Quando abandonamos a hipótese de concorrência perfeita e
admitimos a possibilidade de segmentação e poder monopolístico
nos mercados de trabalho, financeiro e de bens, os resultados teóricos tornam-se ainda mais ambíguos. Nesse caso, nem mesmo a garantia de eficiência e maior capacidade produtiva estaria assegurada.
Desprovidos de certezas teóricas, a alternativa que resta é a avaliação empírica dos impactos da liberalização comercial sobre os níveis e distribuição de renda e emprego em cada economia. Técnicas
adequadas às avaliações empíricas dessa natureza foram bastante desenvolvidas nos anos recentes e, dentre essas, os modelos de equilíbrio geral computáveis são hoje reconhecidos como a melhor ferramenta disponível.
Este livro utiliza um modelo de equilíbrio geral computável
para analisar os efeitos de políticas de liberalização comercial sobre o
mercado de trabalho no Brasil. O grande desafio técnico para a utilização desses modelos é conciliar o detalhamento requerido pela
análise com as estatísticas disponíveis. Além disso, para assegurar a
relevância política da análise é preciso traduzir os resultados técnicos em linguagem comum de forma a permitir que amplos setores
da sociedade sejam informados sobre as conseqüências de alternativas diversas de política comercial disponíveis.
O livro enfrenta com sucesso esses desafios. Sua grande contribuição empírica está no detalhamento dado à estrutura de emprego,
salários e renda familiar em um modelo de equilíbrio geral computável
para a economia brasileira que tornou possível cálculos bem mais
rigorosos quanto aos efeitos da política comercial sobre o emprego e
a distribuição de renda. Além disso, a organização do livro e a apre-
sentação dos resultados respondem com sucesso ao desafio de informar um público mais amplo.
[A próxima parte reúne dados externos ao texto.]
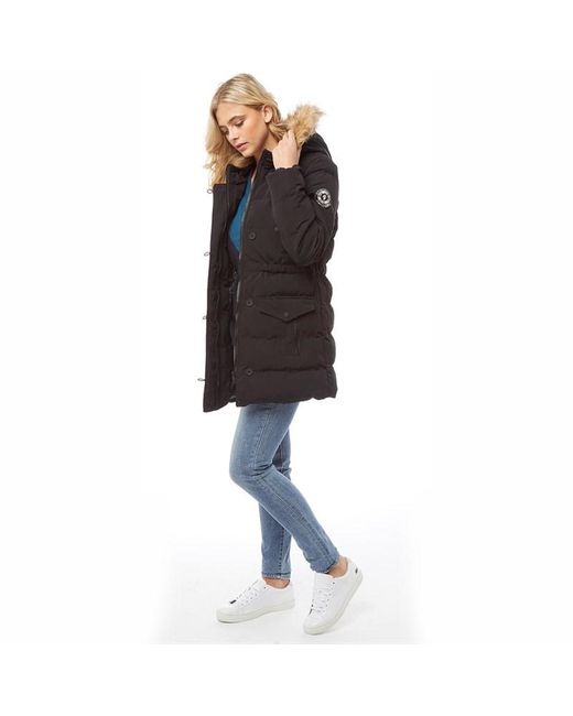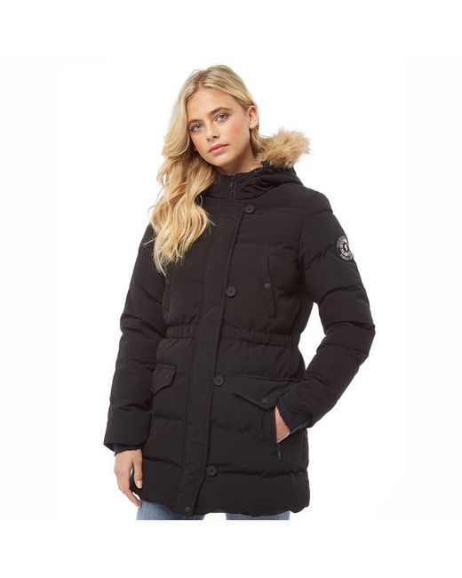 Brave soul lang geschnittene, wattierte jacke mit kapuze mit webpelzbesatz. Reißverschluss mit Windschutzleiste. Farbe: schwarz

Para a política econômica, a grande contribuição do estudo
está no resultado das simulações, mostrando que a liberalização comercial ocorrida na primeira metade da década de 1990 teve efeitos
pouco significativos sobre a estrutura de produção, emprego e rendimentos da economia brasileira. No desempenho do mercado de
trabalho, teria havido um pequeno efeito no sentido de melhorar a
distribuição de renda e reduzir a incidência de pobreza. Esses resultados, embora frustrantes na medida em que reduzem a importância
do processo de globalização para a economia, trazem implicações
importantes para a política comercial, sinalizando para a possibilidade e necessidade de uma postura menos defensiva por parte do
governo brasileiro.
Apresentar este livro é, para mim, motivo de dupla satisfação.
Primeiro, por se tratar de um estudo que insere o IPEA no debate
atual sobre a política econômica brasileira, trazendo uma mensagem
positiva e afirmativa. Segundo, por expressar o sucesso da atuação
conjunta das Diretorias de Estudos Macroeconômicos e de Estudos
Sociais do IPEA, mérito que deve ser creditado a Honorio Kume e
Carlos Henrique Corseuil.
Por fim, gostaria de deixar registrado que o projeto de pesquisa
que deu origem a esse livro foi realizado ao longo de 2001 e 2002,
durante a gestão de Roberto Borges Martins como Presidente do
IPEA. A iniciativa e a liderança intelectual do projeto couberam a
Ricardo Paes de Barros, então Diretor de Estudos Sociais do IPEA.